Give the listing again exactly, omitting its images.

Recorded information Start Marker

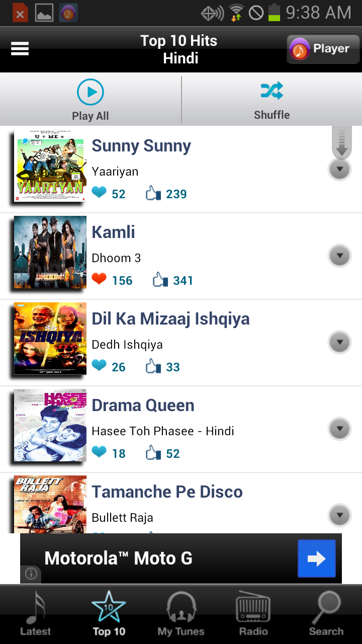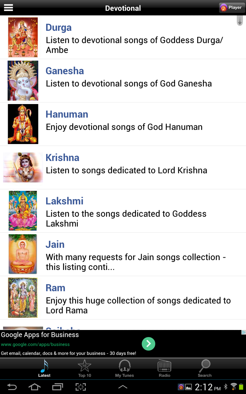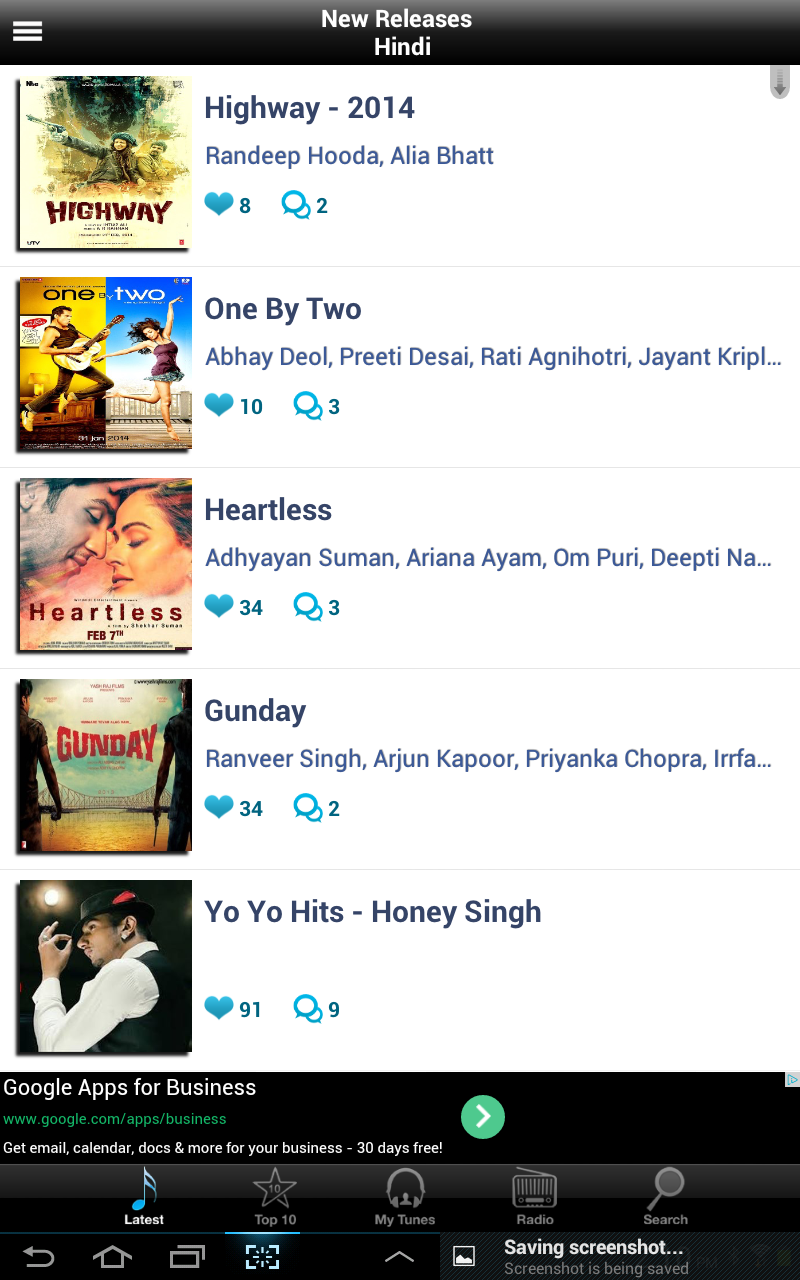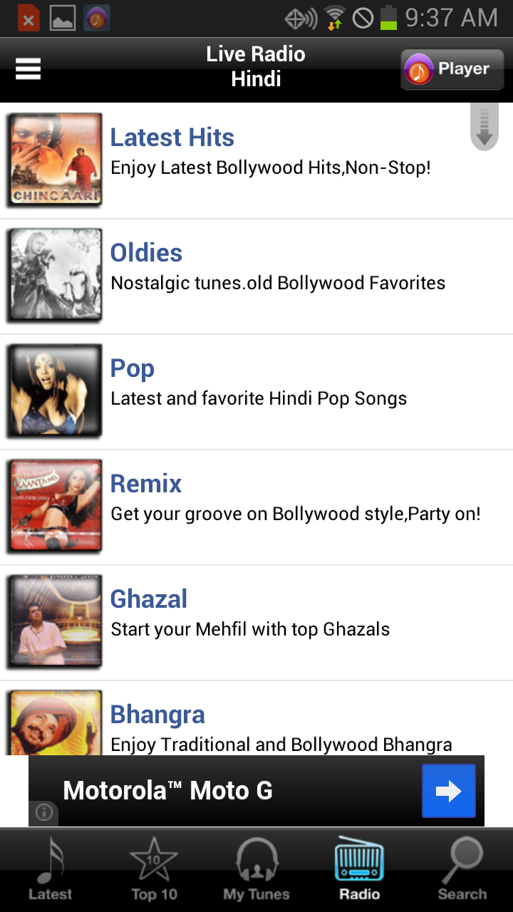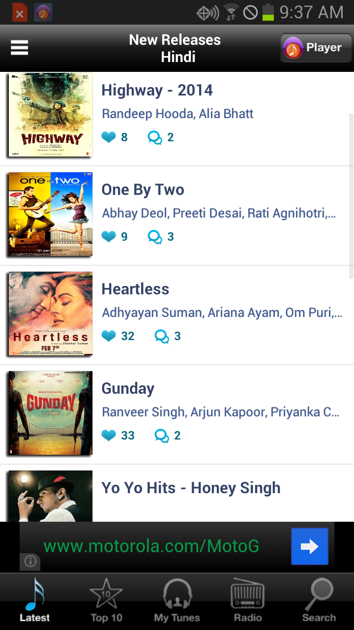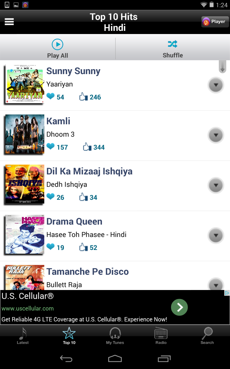 A feature packed Indian music app featuring Hindi, Tamil, Telugu & Malayalam music selections! Indian, Bollywood music featuring language specific New Releases, Top 10 songs, Live Radios and Devotional albums. User comments and ratings are at your fingertips. Click on Facebook Connect and instantly share your joy with friends. Here is the mega list of features included: ♪ Hindi, Tamil, Telugu & Malayalam - choose your language to display language specific New Releases, Top 10 songs, Live Radios and Devotional albums ♪ Instantly view full song lyrics from player ♪ Create playlists of your favorite songs ♪ Add albums, songs and playlists as favorites ♪ View and submit song ratings and comments ♪ Most popular Top 40 songs are now at your fingertips ♪ Browse through numerous categories including compilations, pop, remix, ghazals, love songs, oldies, karaoke, Bengali, Gujarati, Marathi, Kannada, Carnatic, Bhangra ♪ Awesome Devotional section categorized by Deity and language ♪ Search for songs by Album Title, Song Title or Playlists ♪ Facebook Connect. Share your listening enjoyment with all your Facebook friends. Tell them how much you love the song and your Desi Music App If you're not convinced yet, read our reviews! * Reviews * * This application is just Amazing. Even the clarity of the songs are great. I just love this application a lot. I'm able to keep myself updated abt the new releases on 4 languages though I'm in Singapore. 5 stars........ - Rajashekar (Singapore) * I don't normally write apps reviews, but I had to give it for this one, very nice clean app, brilliant sound quality, music available in 4 different languages!! Simply great for FREE app!! Get it guys! - Sam Karwal (UK) * Love the collection. I have tried some other apps. But this app is mind blowing. Great collection, great streaming, great sound. - Animusic (USA)
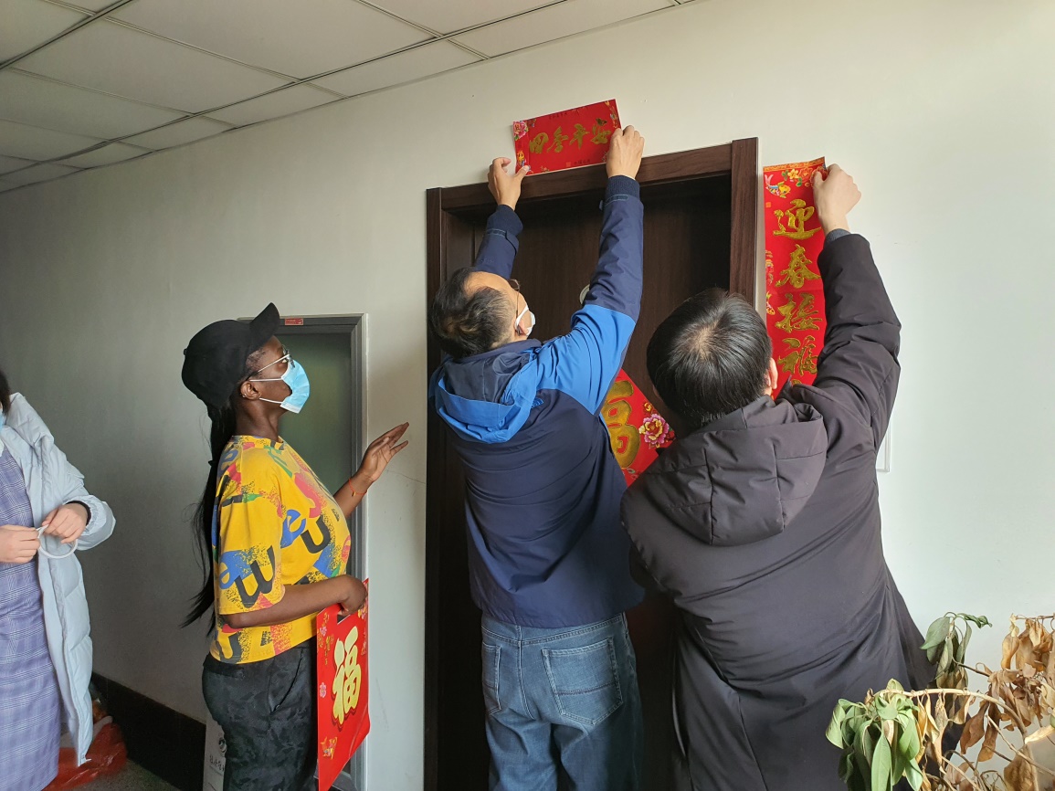 2月10日腊月二十九,辞旧迎新之际,我校国际学生公寓喜气洋洋。学生工作部(处)、国际交流合作处、经济管理学院相关领导及辅导员、教师代表共同为假期留校国际学生贴福字、贴春联,一同迎接新年的到来。
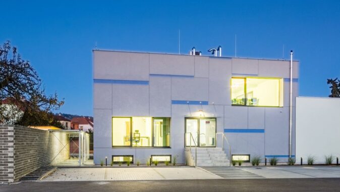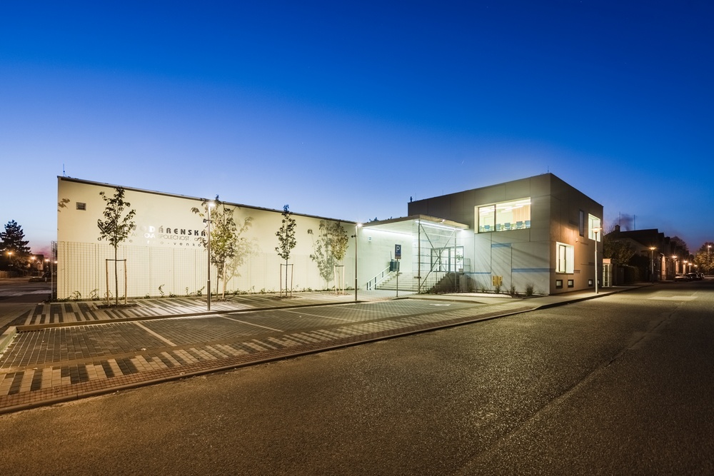 Stávající budovy jsme doplnili novými tak, aby vznikl urbanistický tvar uzavřeného areálu po vzoru venkovských statků. Před hlavní vstup do objektu jsme navrhli malé náměstí s parkovištěm a řadou stromů.

Recorded information End Marker

▶ _Exercise result_
 A feature packed Indian music app featuring Hindi, Tamil, Telugu & Malayalam music selections! Indian, Bollywood music featuring language specific New Releases, Top 10 songs, Live Radios and Devotional albums. User comments and ratings are at your fingertips. Click on Facebook Connect and instantly share your joy with friends. Here is the mega list of features included: ♪ Hindi, Tamil, Telugu & Malayalam - choose your language to display language specific New Releases, Top 10 songs, Live Radios and Devotional albums ♪ Instantly view full song lyrics from player ♪ Create playlists of your favorite songs ♪ Add albums, songs and playlists as favorites ♪ View and submit song ratings and comments ♪ Most popular Top 40 songs are now at your fingertips ♪ Browse through numerous categories including compilations, pop, remix, ghazals, love songs, oldies, karaoke, Bengali, Gujarati, Marathi, Kannada, Carnatic, Bhangra ♪ Awesome Devotional section categorized by Deity and language ♪ Search for songs by Album Title, Song Title or Playlists ♪ Facebook Connect. Share your listening enjoyment with all your Facebook friends. Tell them how much you love the song and your Desi Music App If you're not convinced yet, read our reviews! * Reviews * * This application is just Amazing. Even the clarity of the songs are great. I just love this application a lot. I'm able to keep myself updated abt the new releases on 4 languages though I'm in Singapore. 5 stars........ - Rajashekar (Singapore) * I don't normally write apps reviews, but I had to give it for this one, very nice clean app, brilliant sound quality, music available in 4 different languages!! Simply great for FREE app!! Get it guys! - Sam Karwal (UK) * Love the collection. I have tried some other apps. But this app is mind blowing. Great collection, great streaming, great sound. - Animusic (USA)
 2月10日腊月二十九,辞旧迎新之际,我校国际学生公寓喜气洋洋。学生工作部(处)、国际交流合作处、经济管理学院相关领导及辅导员、教师代表共同为假期留校国际学生贴福字、贴春联,一同迎接新年的到来。
 Stávající budovy jsme doplnili novými tak, aby vznikl urbanistický tvar uzavřeného areálu po vzoru venkovských statků. Před hlavní vstup do objektu jsme navrhli malé náměstí s parkovištěm a řadou stromů.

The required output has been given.